Major U.S. freight railroads hit their highest load levels of 2010 in intermodal as well as bulk carload shipments during the week ending July 31, the Association of American Railroads said.
The end-of-July gains followed months in carloadings of bulk materials and equipment held below their April peaks. Intermodal traffic had continued to grow after April, but slowed some during the past month.
The period in which rail traffic was down from its springtime peaks corresponded with a slowdown in overall economic growth. However, rail loadings have been on the rise again in the past few weeks.
The AAR said the 300,292 carloads that major carriers originated in the latest week were 4.7 percent higher than in the July 24 week. That July 31 level was also up 9.4 from the same week in 2009, though still 10.6 percent below the 2008 week before the worst of the recession set in.

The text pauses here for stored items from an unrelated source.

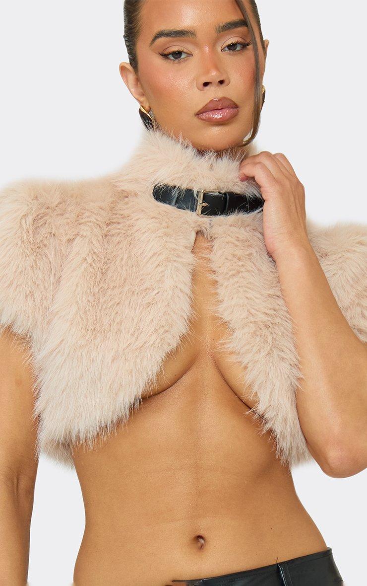 Perfect for day-to-night vibes or statement styling, cream faux fur with short sleeves and belt-neck detailing for a chic, on-trend top. Pair with tailored trousers or a mini skirt and heels for effortless it-girl energy.
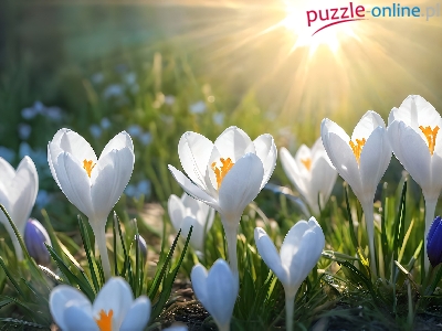Puzzle Kwiaty, Białe, Krokusy, Promienie słońca
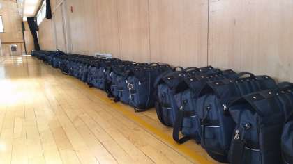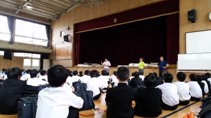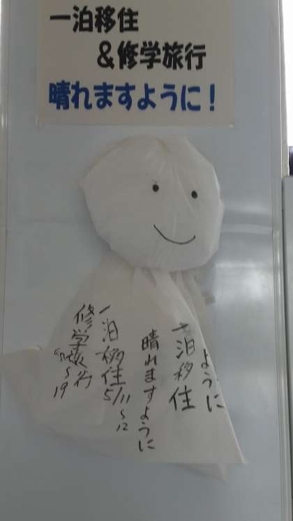明日から一泊移住です。直前の事前指導で、集団行動を訓練しています。カバンの並べ方も指導され、厳しさの中で人間的伸長を図ろうとしています。

A big reason is coal shipments, which have grown about 10,000 carloads a week over the past month as the nation’s heat wave has finally drawn down power plant fuel stockpiles enough for them to increase their replenishment rate. However, various industrial inputs and semi-finished goods cargoes have also been on the rise since mid-July after weeks of declines.
Major U.S-owned railroads originated 232,895 intermodal containers and trailers in the final seven days of July, up 1 percent from a week earlier but 20.2 percent stronger than at that point in 2009 and even up 0.9 percent from the 2008 week.